Distributors may eventually see the quote opportunities emerge from wherever the purchase is taking place, but for reps, if they don’t get the sales in their territory or spend an inordinate amount of time chasing down information, they lose. If distributors can work with reps to supply information that results in reps getting their deserved credit, they emerge as more advantageous partners.

A quality program starts by addressing the sales process from inception to production. The market today is demanding more specialization and specialization costs money. A comprehensive splits program allows for more specialization within the sales team, working backroom engineering while addressing the customer’s point of purchase. Plans should be commensurate with the contributions of each member with design efforts receiving the majority of the reward, but plans should also recognize the service levels required for fulfillment.

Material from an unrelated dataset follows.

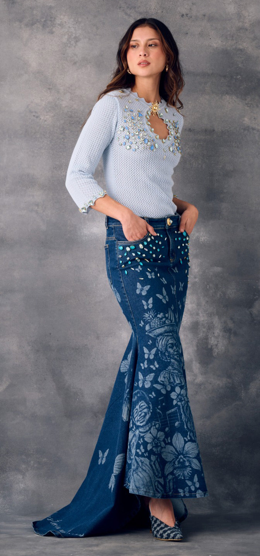 Representa la esencia de la colección: un homenaje a la riqueza cultural que habita en cada detalle. La blusa tejida, delicada y llena de texturas, evoca la tradición artesanal de nuestras manos creadoras; mientras que la falda en denim con retratos y símbolos grabados en su superficie convierte la prenda en un lienzo de memoria y orgullo.
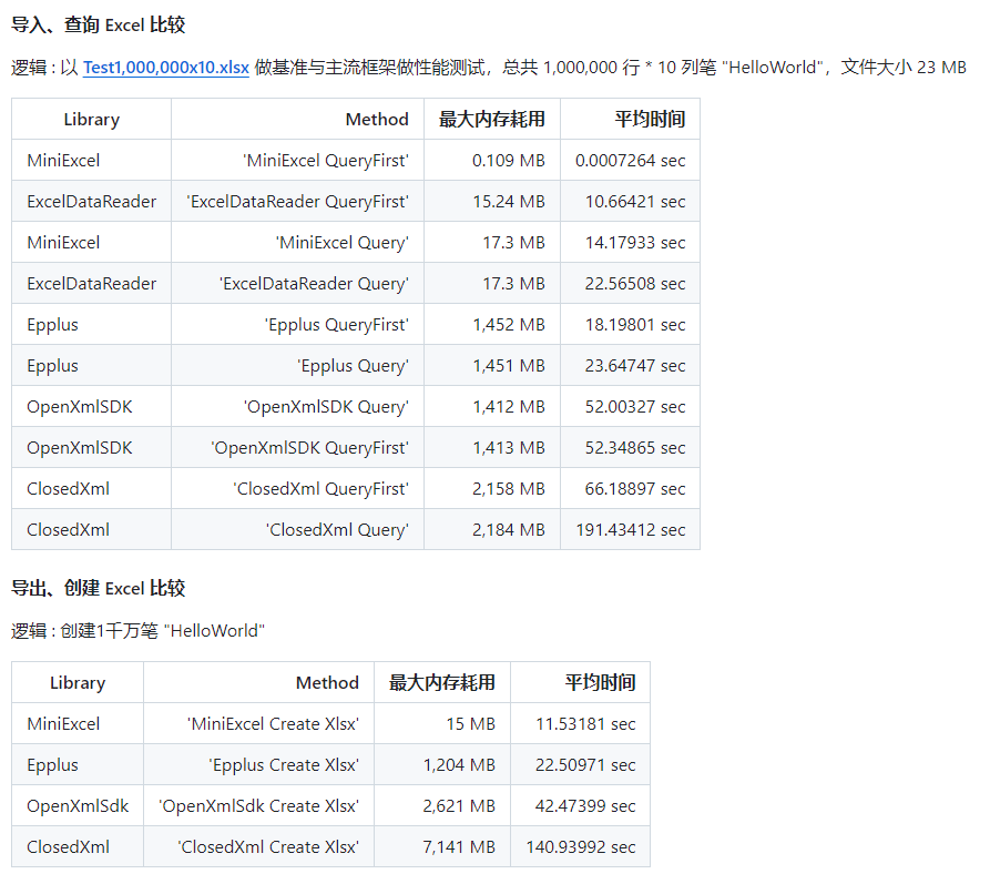 項(xiàng)目介紹MiniExcel 是一個(gè)簡(jiǎn)單高效的 .NET 處理 Excel 查、寫、填充數(shù)據(jù)的實(shí)用工具類庫,旨在避免內(nèi)存溢出(OOM)問題。目前主流框架大多需要將數(shù)據(jù)全載入到內(nèi)存方便操作,但這會(huì)導(dǎo)致內(nèi)存消耗問題,MiniExcel 嘗試以 Stream 角度寫底層算法邏輯,能讓原本1000多MB占用降低到幾MB,避免內(nèi)存不夠情況。 適用場(chǎng)景MiniExcel 適用于需要高效處理大量 Excel 數(shù)據(jù)的各種場(chǎng)景,包括但不限于:

Detailed reporting becomes the next pillar of an effective program. The process must allow for early communication, from the team working the design end to the team that will eventually service the business. This is critical in creating customer engagement and future supply chain programs.

The ability to track and reward this design effort without burdening the salesperson with over-documentation allows for more selling time and, therefore, more engaged salespeople. As a distributor, the demand creation aspect of the business often times is a team effort with manufacturers’ representative partners. Manufacturers’ representatives value distributors who cover OEMs where design work is done. The ability of a distributor to provide detailed reporting to a manufacturers’ rep ensures that partners can track business they’ve participated in creating as POS reporting generally lags real time shipments to the customer.

A robust CRM is a critical tool in a split commission program, offering functionality to follow and communicate the work throughout the design process and track book to win business. This is especially so given that organizations may have multiple sales representation involved in a program. With field and inside sales representatives, sales specialists and manufacturers’ representatives all potentially involved in the design to fulfillment process, a distributor’s CRM needs to provide detailed reporting and the necessary tracking to properly compensate all contributors to the win. All of these people involved in the design must be part of the communication flow, and all must be in position to update the opportunity as it develops. To facilitate this, the distributor CRM must contain a base of data of assigned personnel, including the rep in the territory, and the specific folks, both at the rep and distributor, assigned to the OEM and CEM. Also included must be any specialized sales team such as sales engineering or field application engineering, the inside sales team and the managers of all those assigned. When this is done properly and the data are maintained, information flows easily and is inclusive to all the key parties. It also sets up the next evolution, where ideally this information can be provided on distributors POS reports to suppliers.

The sales process can be complex. Take the time to connect the selling strategy dots to engage and reward the sales team. It will definitely pay off in the end.